This coming from a guy who was trained by secret ninja warrior monks.


----------



## hoshin1600 (Jan 20, 2018)

Frank Dux said:


> Wow… does the word hubris register. Hoshin I often wonder why people hide behind an alias and I think your reasons are self evident when your commentary here is just aimed to slight and dismiss me.  It has nothing to do with discussing the REAL issues raised.
> 
> Case in point, self professed ninjutsu and kung fu schools in their DVD courses slight MMA training or use the kill or be killed to excuse themselves from not participating in any form of full contact competition.

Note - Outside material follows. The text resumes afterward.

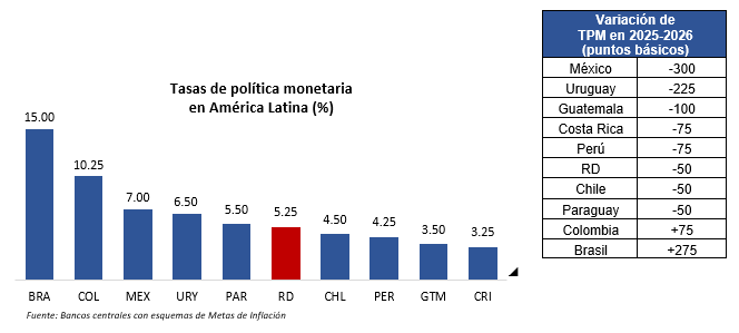 El Banco Central de la República Dominicana (BCRD), en su reunión de política monetaria de febrero de 2026, decidió mantener su tasa de interés de política monetaria (TPM) en 5.25% anual. Asimismo, la tasa de la facilidad permanente de expansión de liquidez (Repos a 1 día) permanece en 5.75% anual, mientras la tasa de depósitos remunerados (Overnight) continúa en 4.50% anual.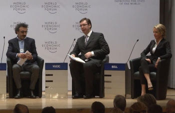 Београд/Давос, 20. јануар 2016. године – Председник Владе Републике Србије Александар Вучић изјавио је вечерас на Светском економском форуму у Давосу да је Србија само транзитна земља на мигрантској рути ка Европи, док су њихове коначне дестинације Немачка, Аустрија и скандинавске земље.

They use the my techniques can't be altered and would kill argument.
> 
> ...


i see your missing my point.   we all know there are charlatan's out there. this is not news to us. we already were quite aware of the fallacy of no touch knockouts and magic chi balls. the list of these people and their beliefs are endless in absurdity.  so the question is ok  ...now what ?,,, no one here thinks this is true. what was your point?  is there something you wanted to delve into on this?  there will be no takers on challenging you on this being true or not  so what now..?


----------



## Midnight-shadow (Jan 20, 2018)

hoshin1600 said:


> i see your missing my point.   we all know there are charlatan's out there. this is not news to us. we already were quite aware of the fallacy of no touch knockouts and magic chi balls. the list of these people and their beliefs are endless in absurdity.  so the question is ok  ...now what ?,,, no one here thinks this is true. what was your point?  is there something you wanted to delve into on this?  there will be no takers on challenging you on this being true or not  so what now..?



I feel that the term "preaching to the choir" applies very aptly here.


----------



## Frank Dux (Jan 20, 2018)

hoshin1600 said:


> actually i am challenging your opinions and observations.  your posts so far are non issues.  the fact is ...your posting on a web sight that has maybe 50 regular members who post.  your posts are not bringing anything new to the table.  your myths are obvious to us.  now if you want to present it in an original way with a deeper level of nuance then fine, im all on board.   but the method your using of the Fact VS Fiction is white belt level thinking.  i think the posters here are better than that.  i am not trying to be argumentitive about it but your post is better suited to the naive beginners or even people outside of MA.   i will assume that you have been training for a long time based on your identity.  i would think your level of experience and understanding would be better than a 10 year old.
> lets pass on trying to dispel basic myths, we all know there are no green people living at the center of the earth.



Wow… does the word hubris register. Hoshin I often wonder why people hide behind an alias and I think your reasons are self evident when your commentary here is just aimed to slight and dismiss me. It has nothing to do with discussing the REAL issues raised.

Case in point, self professed ninjutsu and kung fu schools in their DVD courses slight MMA training or use the "kill or be killed" claim as an excuse when asked why haven't they or their students participated in any form of full contact competition. They use the old "my techniques can't be altered and would kill" claim as their argument.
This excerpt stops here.